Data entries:
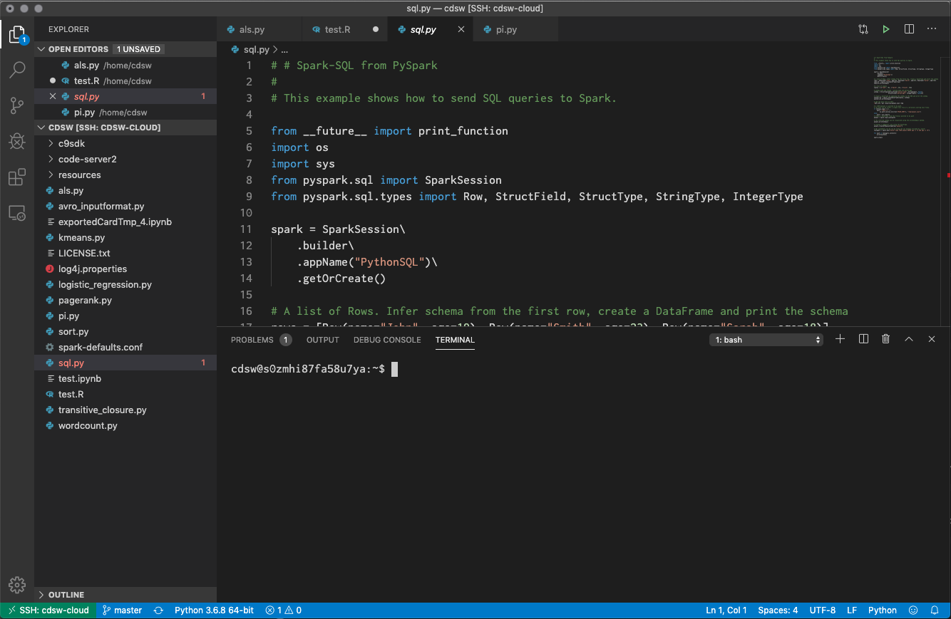 Using the Explorer view, you remotely edit and modify your Cloudera Machine Learning files. VS Code also supports Python and R which
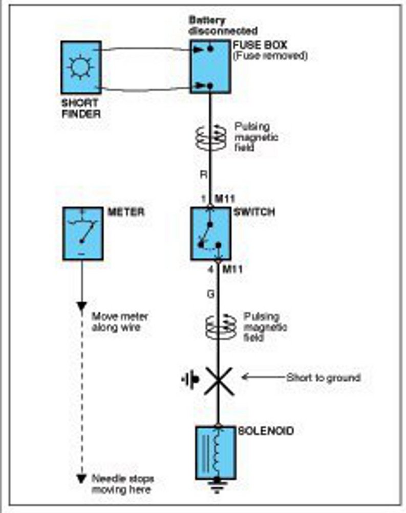 A short finder is available to locate a short to ground. The short finder creates a pulsing magnetic field in the shorted circuit and shows you the location of the short through body trim or sheet metal.
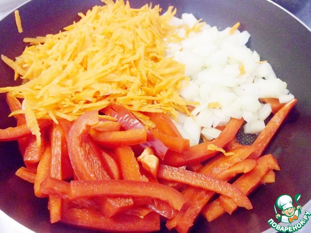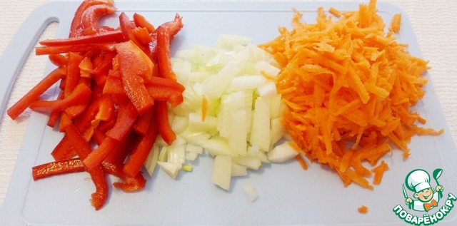 Лук, морковь очистить. Лук мелко нарезать, морковь натереть на крупной терке. Сладкий болгарский перец очистить от семян и нарезать соломкой.
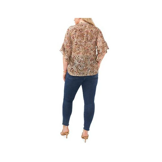 Blend bohemian print with feminine flutter sleeve detail on this plus size Vince Camuto blouse and give your wardrobe a stylish refresh.
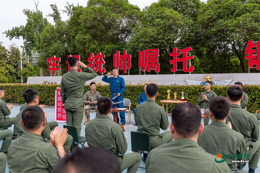 航空兵某團開展“跨越時空的青春對話”教育活動,邀請2位老飛行員回營參加。活動現場,年輕飛行員向老前輩提問、致敬。龍小康 攝
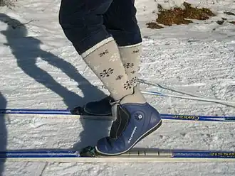 Hierin vindt men dan ook het onderscheid met het alpineskiën, waarbij de gehele voet vast aan de ski zit. Deze vorm van skiën is rond het einde van de 19e eeuw ontstaan uit de Noordse wijze. De hellingen in de Alpen zijn echter steiler en langer dan die in Scandinavië, waar een vaste voet toch voordeliger bleek.
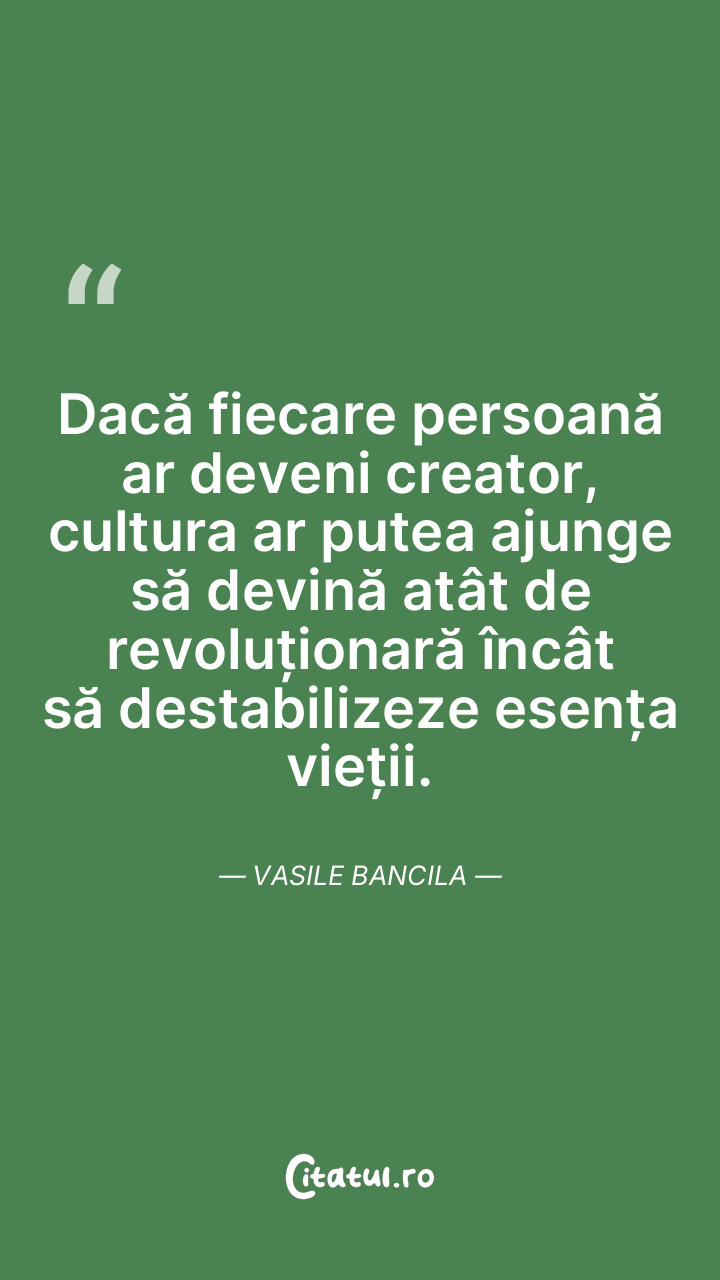 Dacă fiecare persoană ar deveni creator, cultura ar putea ajunge să devină atât de revoluționară încât să destabilizeze esența vieții. Vasile Bancila
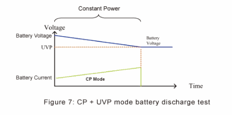 Operation in CP+UVP mode is very straightforward as the load automatically switches from CP constant power mode discharge mode to OFF mode. This prevents the battery from being damaged due to excessive discharging. This mode of operation is illustrated in Figure 7.
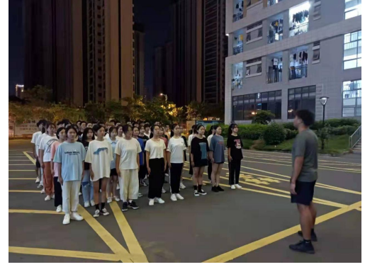 2021年9月29日晚上7点30分,文化与旅游学院于学生宿舍团结里13栋楼下空地举行了运动会方阵训练活动。

• Assigned task:
Your answer must be the lines from the one containing "A short finder" through the last line of the records, printed exactly with no pictures; please include both ends.

• Response area:
 A short finder is available to locate a short to ground. The short finder creates a pulsing magnetic field in the shorted circuit and shows you the location of the short through body trim or sheet metal.
 Лук, морковь очистить. Лук мелко нарезать, морковь натереть на крупной терке. Сладкий болгарский перец очистить от семян и нарезать соломкой.
 Blend bohemian print with feminine flutter sleeve detail on this plus size Vince Camuto blouse and give your wardrobe a stylish refresh.
 航空兵某團開展“跨越時空的青春對話”教育活動,邀請2位老飛行員回營參加。活動現場,年輕飛行員向老前輩提問、致敬。龍小康 攝
 Hierin vindt men dan ook het onderscheid met het alpineskiën, waarbij de gehele voet vast aan de ski zit. Deze vorm van skiën is rond het einde van de 19e eeuw ontstaan uit de Noordse wijze. De hellingen in de Alpen zijn echter steiler en langer dan die in Scandinavië, waar een vaste voet toch voordeliger bleek.
 Dacă fiecare persoană ar deveni creator, cultura ar putea ajunge să devină atât de revoluționară încât să destabilizeze esența vieții. Vasile Bancila
 Operation in CP+UVP mode is very straightforward as the load automatically switches from CP constant power mode discharge mode to OFF mode. This prevents the battery from being damaged due to excessive discharging. This mode of operation is illustrated in Figure 7.
 2021年9月29日晚上7点30分,文化与旅游学院于学生宿舍团结里13栋楼下空地举行了运动会方阵训练活动。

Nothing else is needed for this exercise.